More than 200 field workers took part in the study over 14 weeks in 2004. They gathered hair samples from 2,500 barbed-wire hair traps and 4,800 trees that the bears would rub against to scratch themselves.  The bears were lured to sampling stations by a mixture of pureed fish guts and cattle blood that was aged in 100 55-gallon steel drums for more than a year.   

In total, 34,000 hair samples were examined, a number so large that the company conducting the DNA tests had to purchase an additional building and double its staff to manage the project.

Bear experts called the project the most precise and accurate census of a bear population to date. The study also found that the bear population has been growing in both size and range, and that its diversity resembled that of grizzly bear populations in pristine habitats.

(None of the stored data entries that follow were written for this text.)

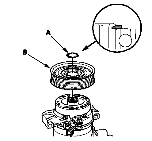 3. If you are replacing the field coil, remove the snap ring (A) with snap ring pliers, then remove the rotor pulley (B). Be careful not to damage the rotor pulley and A/C compressor.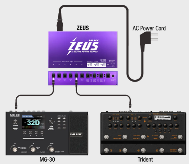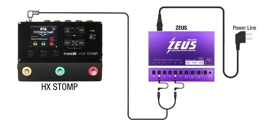 除了常規直流電源線、反向極性電源線、3.5毫米迷你插頭電源線外,宙斯還提供HX電流加倍介面卡。 毫無疑問,宙斯甚至可以駕駛LINE6 HX-STOMP。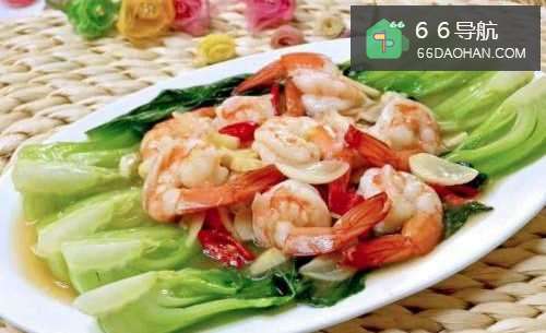 上海青洗净切开为1/4,在热水里滴入少许油及加入少许盐烫熟后摆盘备用,接着把虾仁稍微川烫一下泡冰水备用。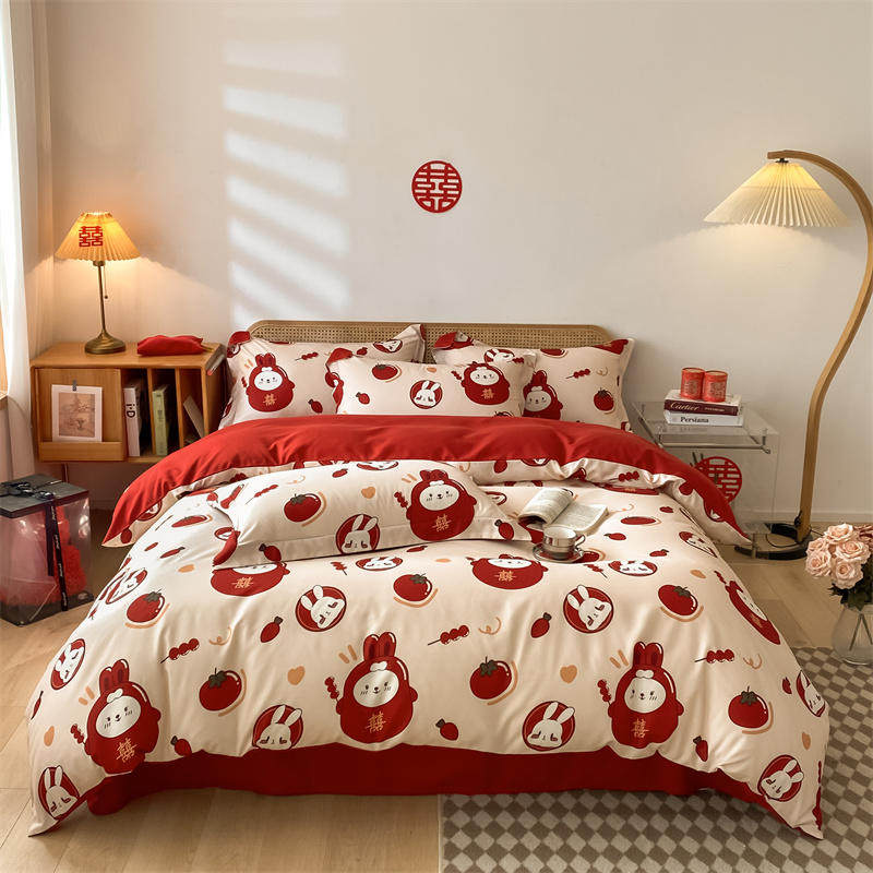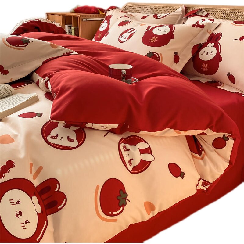 四件套婚礼磨毛水洗棉大红色床品

Regulation of endangered species falls under the U.S. Fish and Wildlife Service, which is currently looking at the status of the bears in Montana bears’ status as part of a five-year review mandated by the Endangered Species Act.

“All the things people have been doing are making a difference,” Chris Servheen, the service’s Grizzly Bear Recovery Coordinator, told the AP.

“This gives us some feedback that the bears are doing really well. This was an investment in the recovery of an icon of the American West, which is the grizzly bear.”

Biologists will use the census as critical evidence in determining whether the bear still requires federal protection, with a conclusion expected early next year.

However, despite the study’s results, environmentalists and bear experts say it will take more than a count of the bears’ population to fully recover the species. Additional research into the bears’ habitat and population trends should also be conducted.